▶ [DATA IN THIS EXERCISE]:
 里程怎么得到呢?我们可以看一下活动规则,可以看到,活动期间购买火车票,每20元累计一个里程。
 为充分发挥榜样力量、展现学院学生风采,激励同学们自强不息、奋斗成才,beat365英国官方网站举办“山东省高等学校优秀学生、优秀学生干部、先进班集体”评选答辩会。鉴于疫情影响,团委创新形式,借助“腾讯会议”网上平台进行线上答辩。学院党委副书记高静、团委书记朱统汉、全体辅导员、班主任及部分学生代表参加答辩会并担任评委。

--

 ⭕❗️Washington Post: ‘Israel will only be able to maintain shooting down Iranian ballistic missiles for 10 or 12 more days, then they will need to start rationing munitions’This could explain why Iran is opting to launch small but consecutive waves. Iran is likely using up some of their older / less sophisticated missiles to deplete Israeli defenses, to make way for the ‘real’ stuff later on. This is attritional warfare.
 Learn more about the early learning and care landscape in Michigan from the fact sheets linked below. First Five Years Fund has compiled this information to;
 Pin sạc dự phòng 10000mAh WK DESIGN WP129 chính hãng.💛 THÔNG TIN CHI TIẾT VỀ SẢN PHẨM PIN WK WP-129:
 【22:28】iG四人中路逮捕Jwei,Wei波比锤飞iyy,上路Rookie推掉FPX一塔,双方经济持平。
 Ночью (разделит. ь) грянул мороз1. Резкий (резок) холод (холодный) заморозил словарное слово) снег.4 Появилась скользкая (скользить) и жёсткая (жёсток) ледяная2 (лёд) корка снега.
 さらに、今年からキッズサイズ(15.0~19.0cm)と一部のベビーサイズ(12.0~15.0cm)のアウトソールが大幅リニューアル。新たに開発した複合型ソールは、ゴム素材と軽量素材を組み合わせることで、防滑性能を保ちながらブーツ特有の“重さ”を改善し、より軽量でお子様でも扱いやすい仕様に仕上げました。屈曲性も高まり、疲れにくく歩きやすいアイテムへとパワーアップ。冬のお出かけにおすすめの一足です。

▶ [REQUIREMENT]:
Give the exact lines, and only those, from the line containing "里程怎么得到呢?我们可以看一" through the line containing "为充分发挥榜样力量、展现学院" in the entries above.

▶ [ANSWER BOX]:
 里程怎么得到呢?我们可以看一下活动规则,可以看到,活动期间购买火车票,每20元累计一个里程。
 为充分发挥榜样力量、展现学院学生风采,激励同学们自强不息、奋斗成才,beat365英国官方网站举办“山东省高等学校优秀学生、优秀学生干部、先进班集体”评选答辩会。鉴于疫情影响,团委创新形式,借助“腾讯会议”网上平台进行线上答辩。学院党委副书记高静、团委书记朱统汉、全体辅导员、班主任及部分学生代表参加答辩会并担任评委。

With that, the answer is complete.